- [PROBLEM DETAILS] Only one stretch of the data below should be repeated: the lines from the line containing "シンプルで機能的、グレージュが作り出す落ち着きのある洗面空間" through the line containing "The MPX Copperhead features", inclusive, exactly as they are.

- [SUPPLIED DATA]

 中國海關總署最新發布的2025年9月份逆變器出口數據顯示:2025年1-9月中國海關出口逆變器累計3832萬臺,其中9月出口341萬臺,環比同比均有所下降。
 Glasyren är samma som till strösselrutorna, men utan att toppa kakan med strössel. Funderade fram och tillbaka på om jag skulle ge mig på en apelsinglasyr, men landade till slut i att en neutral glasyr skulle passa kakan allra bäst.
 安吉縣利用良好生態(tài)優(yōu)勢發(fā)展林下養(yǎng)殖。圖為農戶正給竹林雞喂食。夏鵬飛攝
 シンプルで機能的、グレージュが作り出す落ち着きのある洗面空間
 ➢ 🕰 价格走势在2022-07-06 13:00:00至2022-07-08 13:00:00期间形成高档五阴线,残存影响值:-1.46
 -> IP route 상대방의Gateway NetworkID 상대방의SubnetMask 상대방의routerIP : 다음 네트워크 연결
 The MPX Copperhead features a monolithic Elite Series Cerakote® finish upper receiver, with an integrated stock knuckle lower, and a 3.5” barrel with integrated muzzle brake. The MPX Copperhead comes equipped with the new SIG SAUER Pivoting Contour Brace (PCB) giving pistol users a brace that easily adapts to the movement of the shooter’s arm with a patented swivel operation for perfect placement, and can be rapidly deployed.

* * *

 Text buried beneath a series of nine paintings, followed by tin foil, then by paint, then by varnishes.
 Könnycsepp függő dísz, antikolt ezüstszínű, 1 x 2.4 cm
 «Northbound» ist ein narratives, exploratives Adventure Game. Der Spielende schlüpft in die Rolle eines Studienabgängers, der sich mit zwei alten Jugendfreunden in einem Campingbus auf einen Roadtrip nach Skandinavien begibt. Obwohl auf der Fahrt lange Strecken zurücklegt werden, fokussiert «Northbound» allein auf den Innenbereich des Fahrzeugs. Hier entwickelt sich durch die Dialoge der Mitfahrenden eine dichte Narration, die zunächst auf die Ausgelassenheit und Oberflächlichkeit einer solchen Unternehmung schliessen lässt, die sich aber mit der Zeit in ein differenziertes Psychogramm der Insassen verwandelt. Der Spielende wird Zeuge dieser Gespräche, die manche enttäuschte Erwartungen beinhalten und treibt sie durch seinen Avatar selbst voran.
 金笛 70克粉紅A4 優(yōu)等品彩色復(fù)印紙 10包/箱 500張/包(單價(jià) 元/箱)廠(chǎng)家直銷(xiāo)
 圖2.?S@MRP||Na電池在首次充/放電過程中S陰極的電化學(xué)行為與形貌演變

- [ANSWER BELOW]
 シンプルで機能的、グレージュが作り出す落ち着きのある洗面空間
 ➢ 🕰 价格走势在2022-07-06 13:00:00至2022-07-08 13:00:00期间形成高档五阴线,残存影响值:-1.46
 -> IP route 상대방의Gateway NetworkID 상대방의SubnetMask 상대방의routerIP : 다음 네트워크 연결
 The MPX Copperhead features a monolithic Elite Series Cerakote® finish upper receiver, with an integrated stock knuckle lower, and a 3.5” barrel with integrated muzzle brake. The MPX Copperhead comes equipped with the new SIG SAUER Pivoting Contour Brace (PCB) giving pistol users a brace that easily adapts to the movement of the shooter’s arm with a patented swivel operation for perfect placement, and can be rapidly deployed.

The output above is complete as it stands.